[Zurück]

M. Huth, F. Porrati, C. Gspan, H. Plank, S. Barth:
"Focused Electron induced deposition with a heteronuclear precursor";
Vortrag: Annual Meeting of COST Action CM1301; Chemistry for Electron Induced NAnofabriction, Bratislava, Slavakei; 06.05.2015 - 09.05.2015; in: "2nd Annual Meeting of COST Action CM1301, CELINA - Book of Abstracts", (2015), S. 16.

Focused electron beam induced deposition (FEBID) has proven to be an extremely flexible direct-write method for the fabrication of magnetic nanostructures. With careful optimization of the preparation conditions largely carbon- and oxygen free deposits of Co and Fe can be obtained from the carbonyl based precursors Co₂(CO)₈ and Fe(CO)₅, respectively [1,2]. Recently, it was shown that Co deposits can be further purified by an in-situ post-growth treatment in H2 at elevated temperatures and under electron irradiation [3]. From the point of view of using FEBID structures for micromagnetic studies one would like to advance in several directions: (1) multi-component (binary, ternary) magnetic FEBID structures with, e.g., tunable magnetic properties; (2) alternative precursors which are reasonably easy to handle in the FEBID process and result in deposits with high metal content.
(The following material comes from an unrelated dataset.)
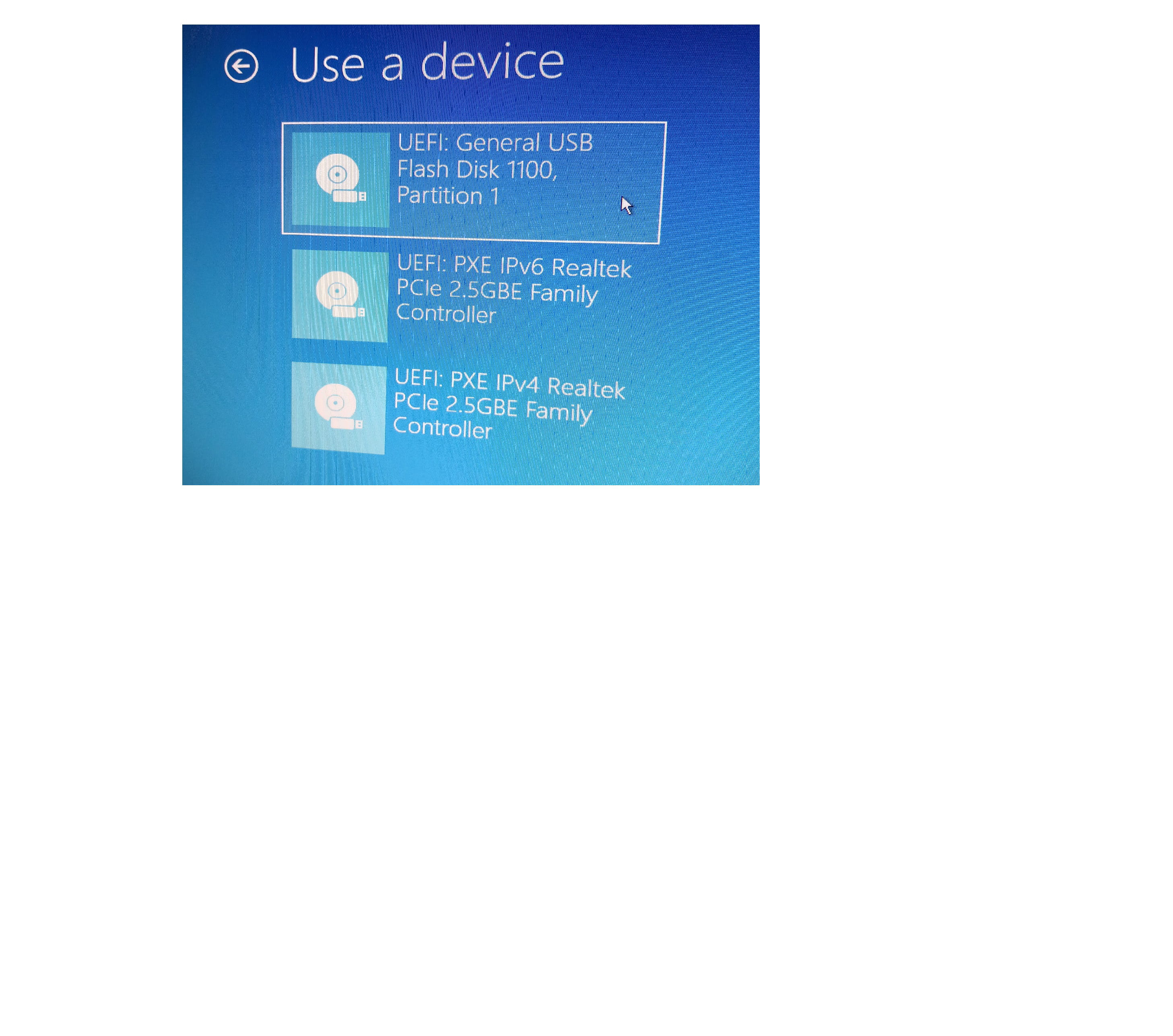 L'écran ne propose curieusement pas de démarrer sur le disque (peut-être parce qu'il n'est pas GPT et donc pas UEFI).

Regarding the first point, in recent work two precursors have been used in parallel resulting in either the dilution of the magnetic phase [4] or the formation of a hard magnetic alloy [5]. However, in these cases the obtained material contained a significant volume fraction of the carbonaceous matrix. Here we present first results on the use of the heteronuclear precursor HFeCo₃(CO)₁₂ (see inset in figure) in FEBID that directly results in the formation of a ferromagnetic alloy phase with a metal content up to 80 at% [6]. First measurements of the temperature-dependent resistivity reveal metallic behavior with a tendency for localization below 50 K (see main figure). This likely places the as-grown material on the metallic side close to a metal-insulator transition.